Pics aren't showing up.


----------



## lumberjackchef (Jul 14, 2009)

carvinmark said:


> Pics aren't showing up.



That's weird when I pull it up they're embedded in the post, but I don't see the attachments. I'll post em again.


----------



## lumberjackchef (Jul 14, 2009)

Lets try it again 

My cousin with the stump for perspective
















there, i think it worked this time I can se the attachments at the bottom. Sorry bout that!


----------



## TraditionalTool (Jul 14, 2009)

Looks good, although the face is interesting. The feathers/body look good. I haven't tried to carve a bear yet, blew a server yesterday and trying to recover (looks like a new computer is needed). A big *POP* and it died in the heat...*sigh*

Cheers,
TT


----------



## Green Monster (Jul 15, 2009)

Wow! It turned out great. If that is your first owl, I would love to see what you come up with after a few more.

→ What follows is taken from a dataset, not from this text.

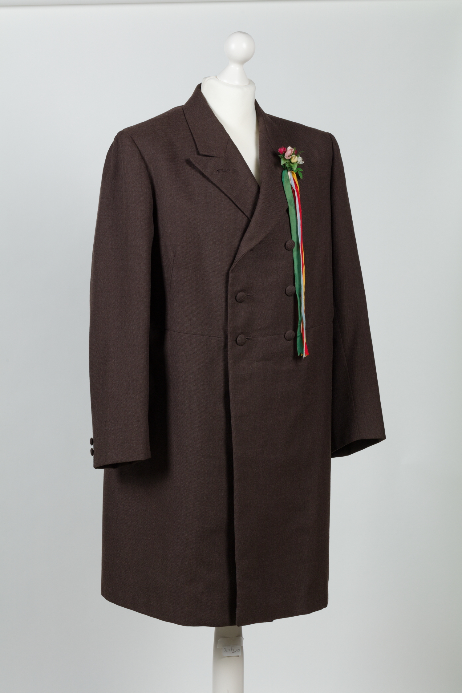 Brauner doppelreihiger Gehrock mit angestecktem Kunstblumensträußchen und bunten Bändern, überzogene Knöpfe. Zwei Knöpfe an der Rückseite, Futter braun mit zwei Innentaschen.

You have a natural talent for carving.


----------



## lumberjackchef (Jul 17, 2009)

Green Monster said:


> Wow! It turned out great. If that is your first owl, I would love to see what you come up with after a few more. You have a natural talent for carving.



Yeah it was my first one and did it looking at a couple of barn owl photos from the net. I only had about three hours to work on it so I didn't get to do anything with the eyes and not much detail around the face. But my cousin has finished it out I just haven't seen any pics of it yet. When I get some I will post them. 

This was not the first time that I have done birds of prey though. I have done a couple of eagles before. Here is a link to my homepage where you can view a little movie I made of the first full winged eagle that i did. http://chainsawmaniac.net/​
It took me approximately 10-12 hrs to complete.


----------



## pastryguyhawaii (Jul 17, 2009)

lumberjackchef said:


> Yeah it was my first one and did it looking at a couple of barn owl photos from the net. I only had about three hours to work on it so I didn't get to do anything with the eyes and not much detail around the face. But my cousin has finished it out I just haven't seen any pics of it yet. When I get some I will post them.
> 
> This was not the first time that I have done birds of prey though. I have done a couple of eagles before. Here is a link to my homepage where you can view a little movie I made of the first full winged eagle that i did. http://chainsawmaniac.net/​
> It took me approximately 10-12 hrs to complete.



Very nice eagle! You have some cool pieces on your site.


----------



## lumberjackchef (Jul 17, 2009)

pastryguyhawaii said:


> Very nice eagle! You have some cool pieces on your site.



Thanks PGH. I have seen several of your works and you do some very extraordinary pieces as well. I have to thank everyone on this site for my success with my woodwork, as it is due in large part to the wealth of info and experience that the great people of this forum freely share that has given me the knowledge to accomplish these things. So, Thanks to everyone and as i have said many time before you all ROCK!!!!:rocker:


----------



## pastryguyhawaii (Jul 17, 2009)

lumberjackchef said:


> Thanks PGH. I have seen several of your works and you do some very extraordinary pieces as well. I have to thank everyone on this site for my success with my woodwork, as it is due in large part to the wealth of info and experience that the great people of this forum freely share that has given me the knowledge to accomplish these things. So, Thanks to everyone and as i have said many time before you all ROCK!!!!:rocker:



Thank-you, too. I agree with what you say. Actually, your's was one of the first sites I looked at. Your name caught my attention being in the culinary field myself.


----------